**BRIEF**: Could you retype the lines below, starting at the line holding "A handmade, one-of-a-kind" and stopping at the line holding "Because Stripe is", inclusive? Copy them exactly and drop the images.

**SUPPLIED MATERIAL**:

=== Section Start ===

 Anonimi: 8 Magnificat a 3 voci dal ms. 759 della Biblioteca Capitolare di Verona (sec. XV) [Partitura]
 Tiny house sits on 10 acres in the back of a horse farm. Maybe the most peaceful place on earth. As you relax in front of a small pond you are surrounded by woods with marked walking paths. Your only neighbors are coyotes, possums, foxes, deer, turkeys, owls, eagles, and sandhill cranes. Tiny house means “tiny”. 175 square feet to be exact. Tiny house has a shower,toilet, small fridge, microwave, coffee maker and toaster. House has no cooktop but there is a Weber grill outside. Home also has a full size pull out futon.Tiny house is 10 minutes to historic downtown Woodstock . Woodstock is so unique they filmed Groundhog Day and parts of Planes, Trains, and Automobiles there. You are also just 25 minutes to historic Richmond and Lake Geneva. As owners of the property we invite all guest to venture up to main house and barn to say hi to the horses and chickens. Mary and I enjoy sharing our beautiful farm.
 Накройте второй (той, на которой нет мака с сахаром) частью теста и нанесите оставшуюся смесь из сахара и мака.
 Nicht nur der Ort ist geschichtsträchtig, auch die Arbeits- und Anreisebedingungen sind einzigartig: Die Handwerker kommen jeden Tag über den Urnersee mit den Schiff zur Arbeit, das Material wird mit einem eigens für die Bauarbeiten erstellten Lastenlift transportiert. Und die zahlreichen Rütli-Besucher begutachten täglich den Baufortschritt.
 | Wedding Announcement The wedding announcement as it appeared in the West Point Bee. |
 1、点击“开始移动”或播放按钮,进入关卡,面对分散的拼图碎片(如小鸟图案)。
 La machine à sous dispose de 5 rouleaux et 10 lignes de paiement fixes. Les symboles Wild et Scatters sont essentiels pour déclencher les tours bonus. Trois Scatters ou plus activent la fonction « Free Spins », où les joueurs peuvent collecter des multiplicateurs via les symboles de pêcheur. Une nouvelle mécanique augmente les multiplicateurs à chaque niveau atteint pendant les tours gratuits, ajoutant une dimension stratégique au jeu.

=== Section End ===
=== Section Start ===

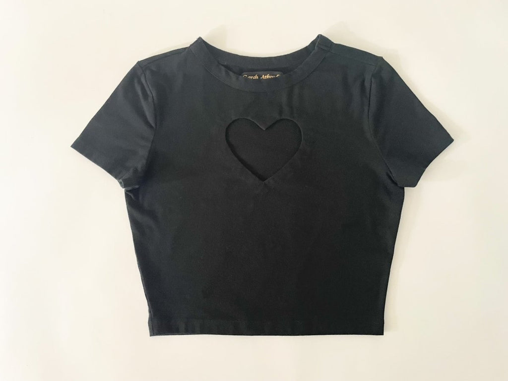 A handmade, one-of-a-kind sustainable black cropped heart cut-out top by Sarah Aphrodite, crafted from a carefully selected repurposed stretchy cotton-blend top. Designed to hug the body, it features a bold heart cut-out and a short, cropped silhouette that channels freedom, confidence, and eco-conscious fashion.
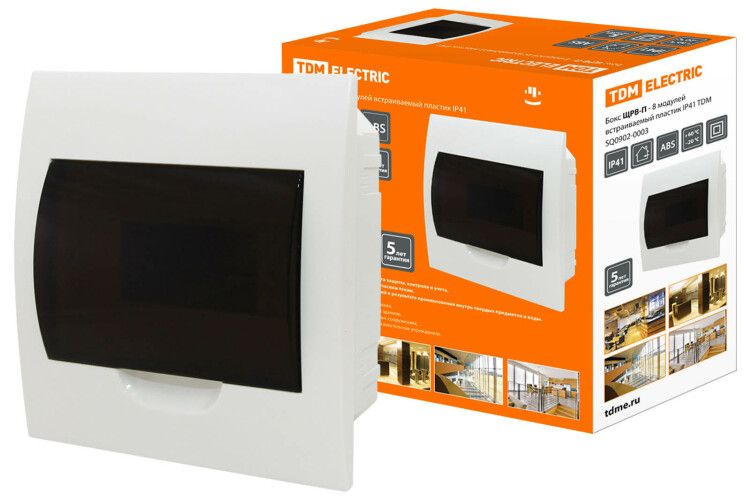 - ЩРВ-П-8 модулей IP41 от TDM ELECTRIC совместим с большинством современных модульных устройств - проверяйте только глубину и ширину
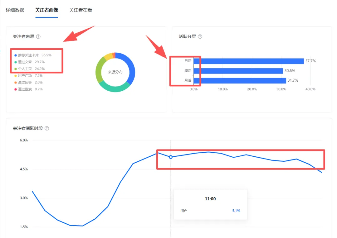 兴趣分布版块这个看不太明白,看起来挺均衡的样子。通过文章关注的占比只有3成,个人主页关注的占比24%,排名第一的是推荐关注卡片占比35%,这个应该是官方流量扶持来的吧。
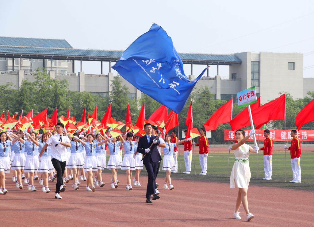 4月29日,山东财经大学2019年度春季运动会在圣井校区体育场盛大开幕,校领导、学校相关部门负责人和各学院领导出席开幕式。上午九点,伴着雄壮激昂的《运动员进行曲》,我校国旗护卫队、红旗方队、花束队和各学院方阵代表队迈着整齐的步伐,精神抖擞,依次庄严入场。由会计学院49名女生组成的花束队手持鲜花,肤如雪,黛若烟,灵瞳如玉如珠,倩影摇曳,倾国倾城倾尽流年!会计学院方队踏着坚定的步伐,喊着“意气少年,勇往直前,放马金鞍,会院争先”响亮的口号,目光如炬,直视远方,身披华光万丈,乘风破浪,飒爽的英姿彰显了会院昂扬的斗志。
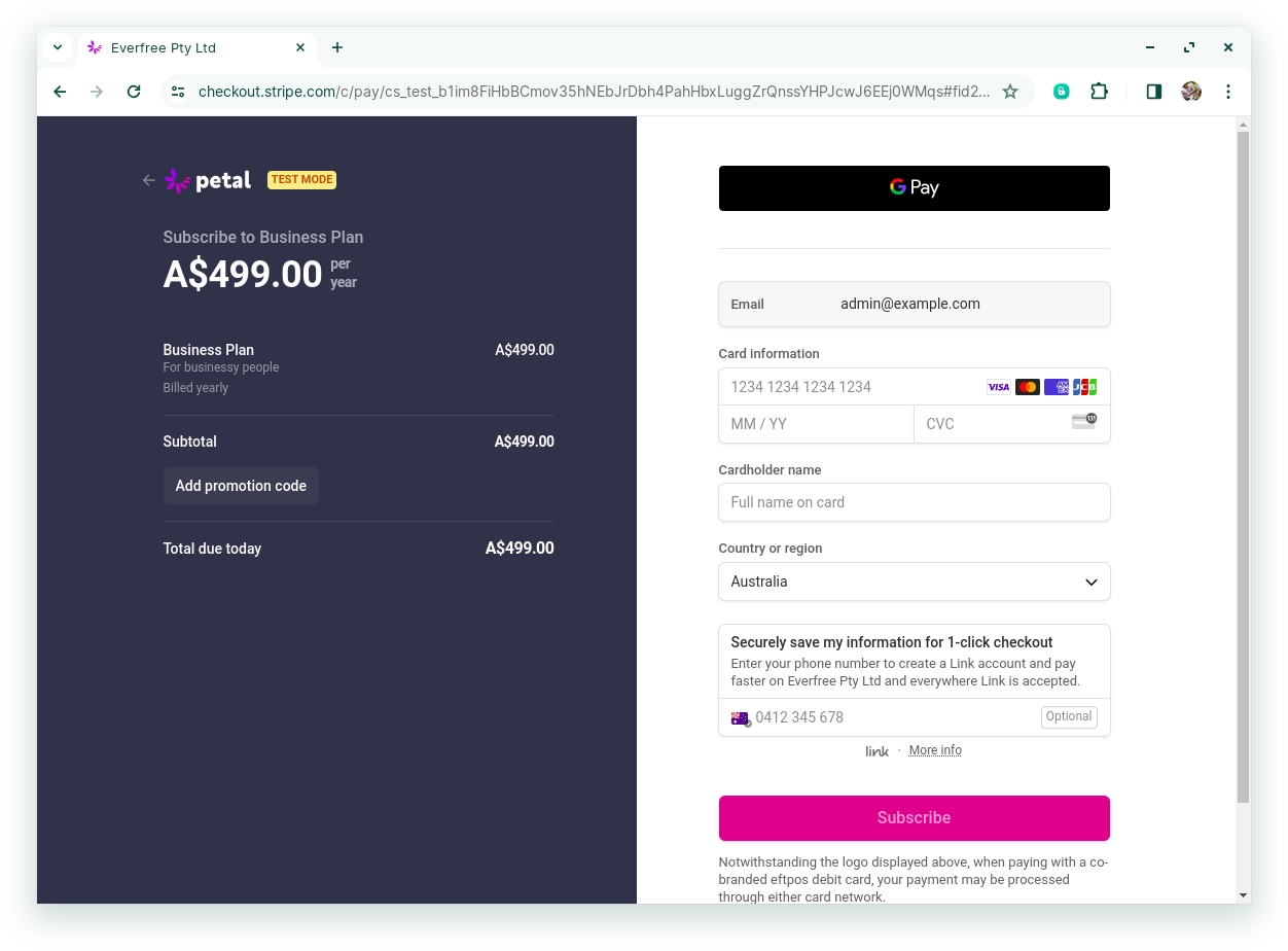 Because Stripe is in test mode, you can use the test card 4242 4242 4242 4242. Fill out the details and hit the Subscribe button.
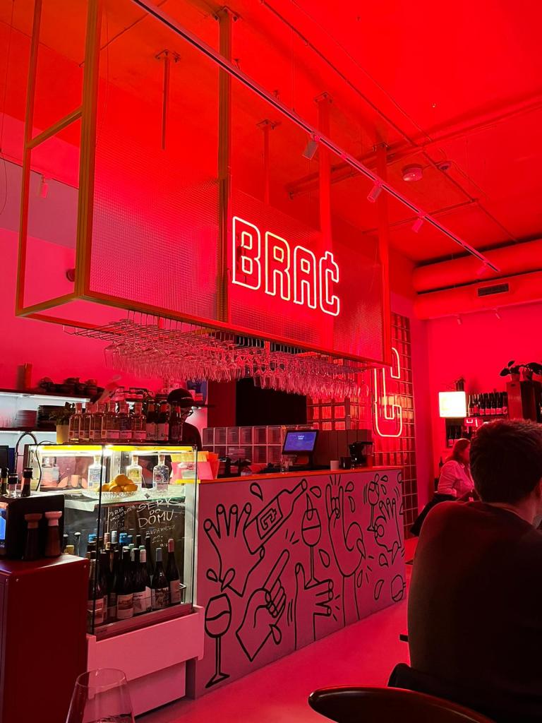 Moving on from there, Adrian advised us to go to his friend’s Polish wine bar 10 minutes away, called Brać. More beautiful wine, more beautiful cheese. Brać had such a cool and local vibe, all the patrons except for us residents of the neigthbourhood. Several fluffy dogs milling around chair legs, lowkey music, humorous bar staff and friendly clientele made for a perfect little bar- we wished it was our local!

=== Section End ===
=== Section Start ===

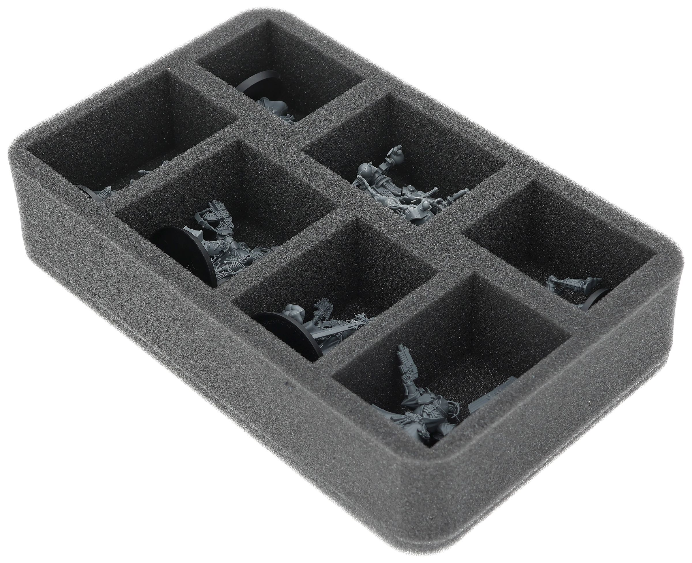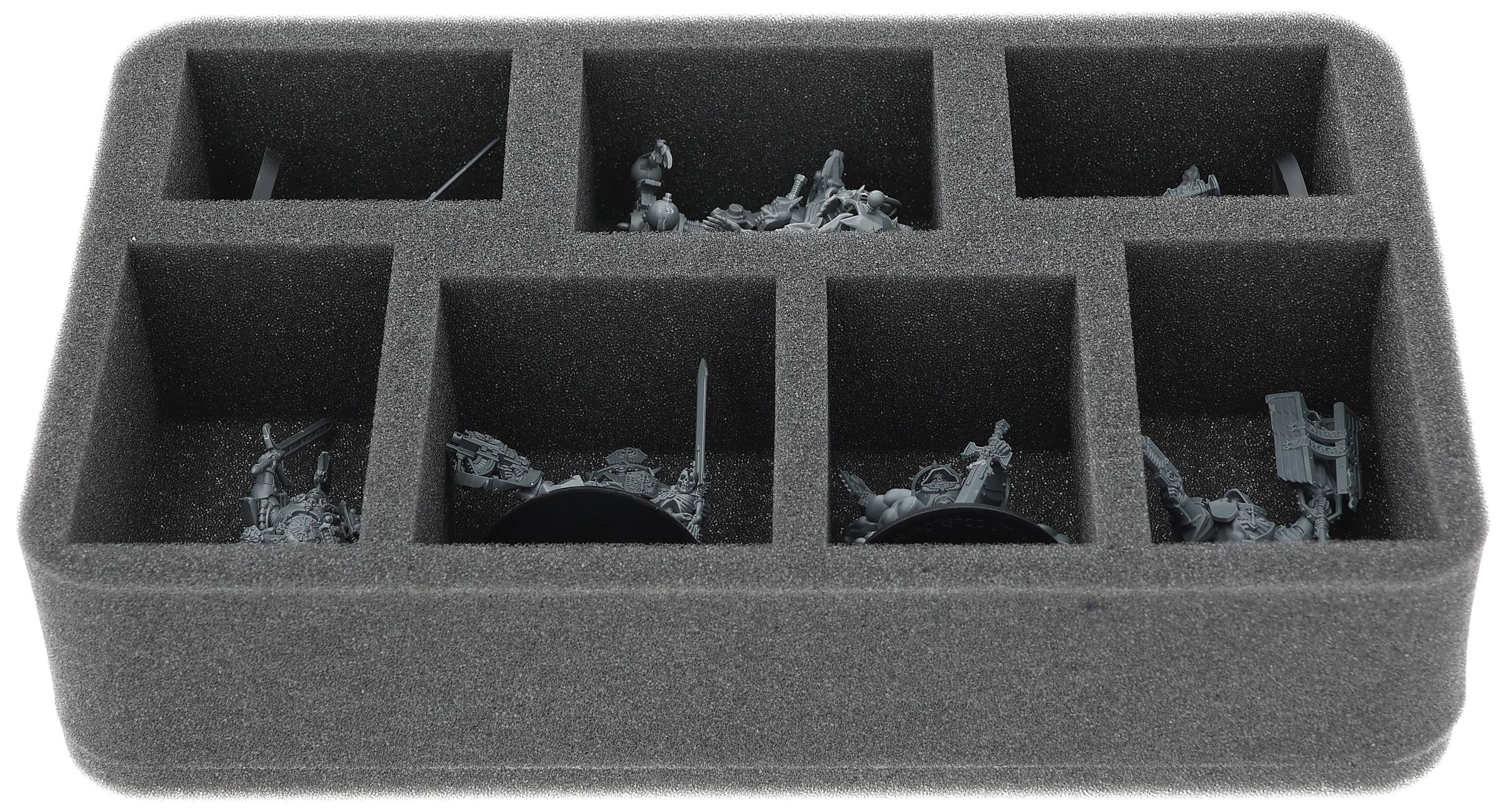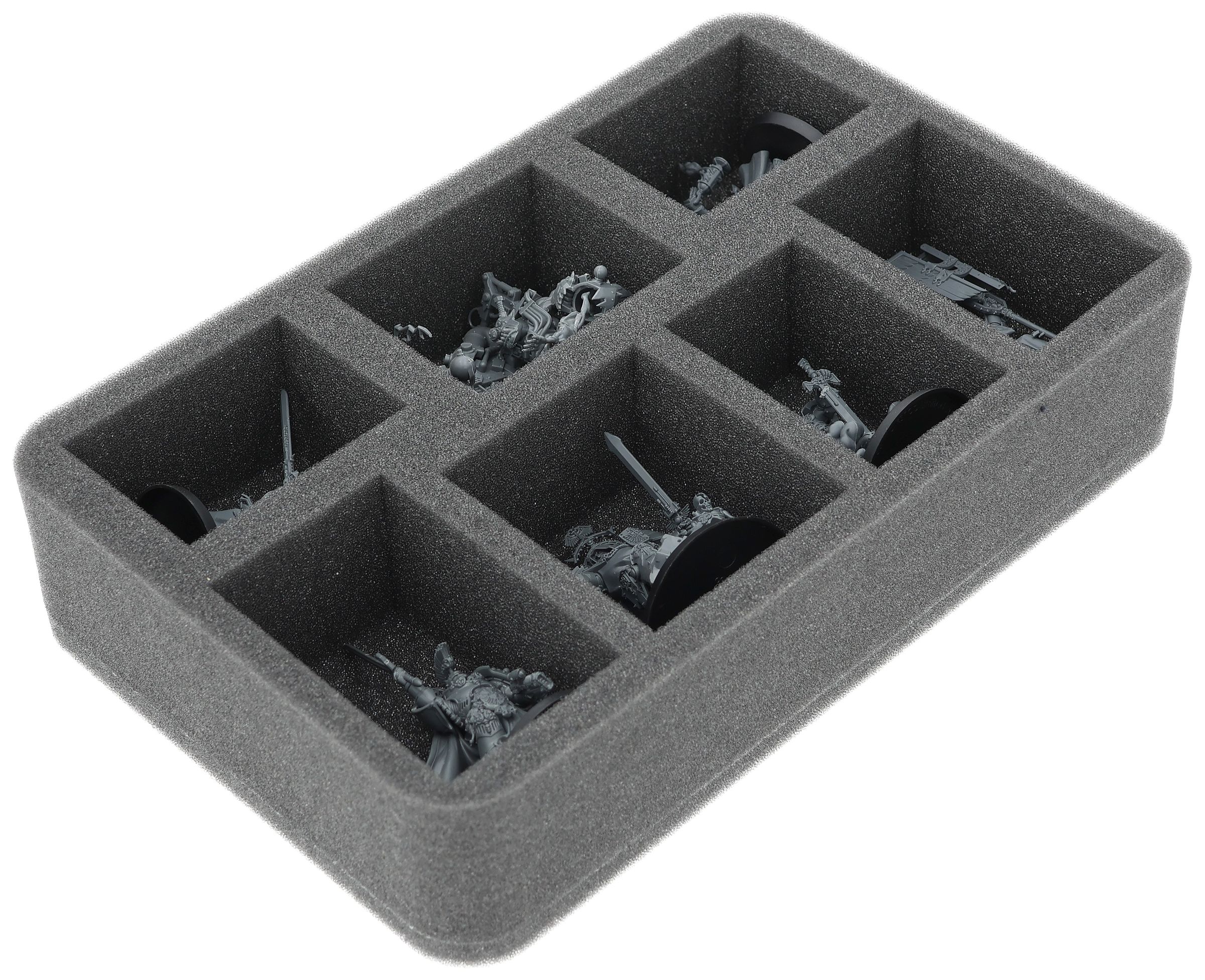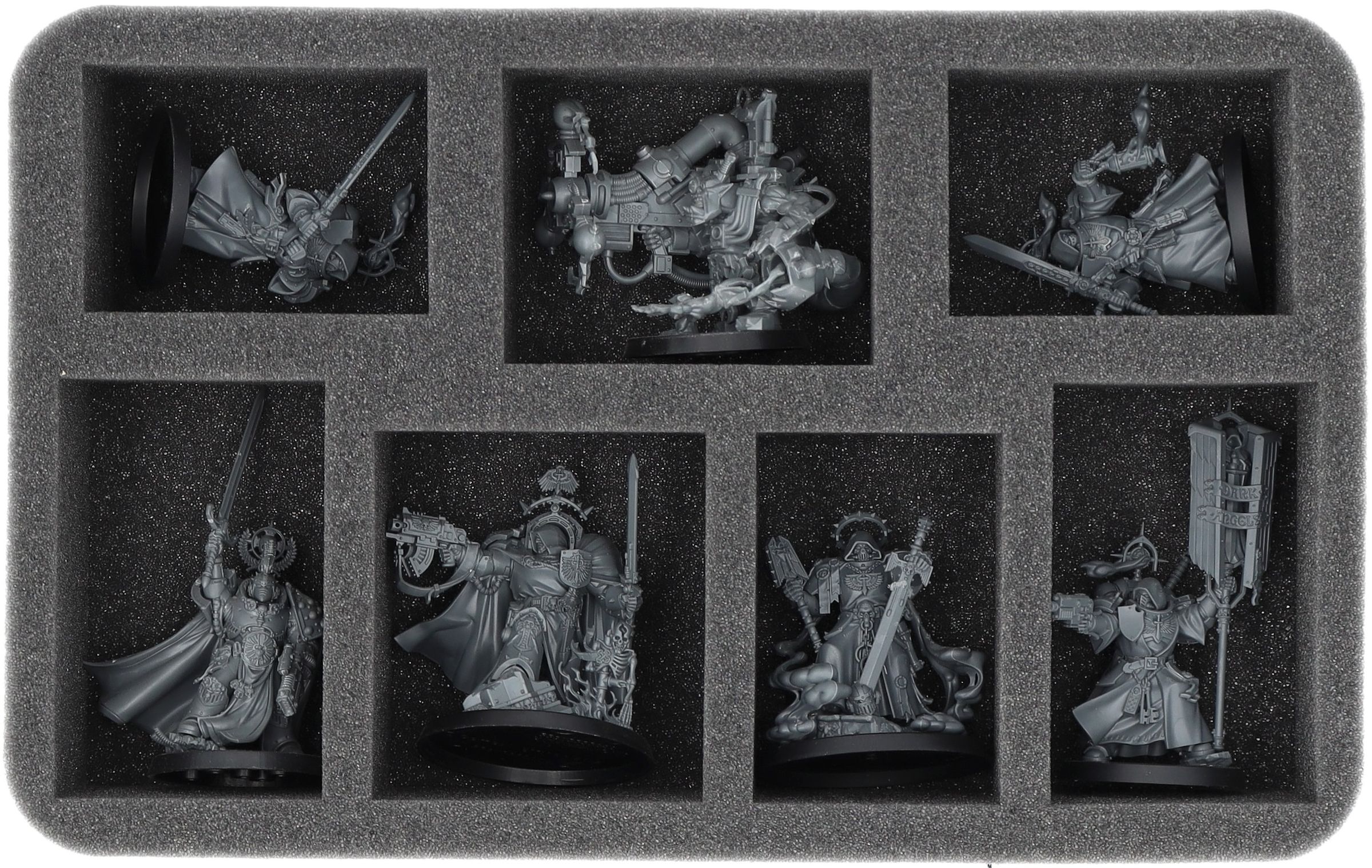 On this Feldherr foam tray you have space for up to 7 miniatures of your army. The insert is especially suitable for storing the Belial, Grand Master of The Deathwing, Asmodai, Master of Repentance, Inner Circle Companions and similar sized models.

=== Section End ===

**ANSWER BOX**:
 A handmade, one-of-a-kind sustainable black cropped heart cut-out top by Sarah Aphrodite, crafted from a carefully selected repurposed stretchy cotton-blend top. Designed to hug the body, it features a bold heart cut-out and a short, cropped silhouette that channels freedom, confidence, and eco-conscious fashion.
 - ЩРВ-П-8 модулей IP41 от TDM ELECTRIC совместим с большинством современных модульных устройств - проверяйте только глубину и ширину
 兴趣分布版块这个看不太明白,看起来挺均衡的样子。通过文章关注的占比只有3成,个人主页关注的占比24%,排名第一的是推荐关注卡片占比35%,这个应该是官方流量扶持来的吧。
 4月29日,山东财经大学2019年度春季运动会在圣井校区体育场盛大开幕,校领导、学校相关部门负责人和各学院领导出席开幕式。上午九点,伴着雄壮激昂的《运动员进行曲》,我校国旗护卫队、红旗方队、花束队和各学院方阵代表队迈着整齐的步伐,精神抖擞,依次庄严入场。由会计学院49名女生组成的花束队手持鲜花,肤如雪,黛若烟,灵瞳如玉如珠,倩影摇曳,倾国倾城倾尽流年!会计学院方队踏着坚定的步伐,喊着“意气少年,勇往直前,放马金鞍,会院争先”响亮的口号,目光如炬,直视远方,身披华光万丈,乘风破浪,飒爽的英姿彰显了会院昂扬的斗志。
 Because Stripe is in test mode, you can use the test card 4242 4242 4242 4242. Fill out the details and hit the Subscribe button.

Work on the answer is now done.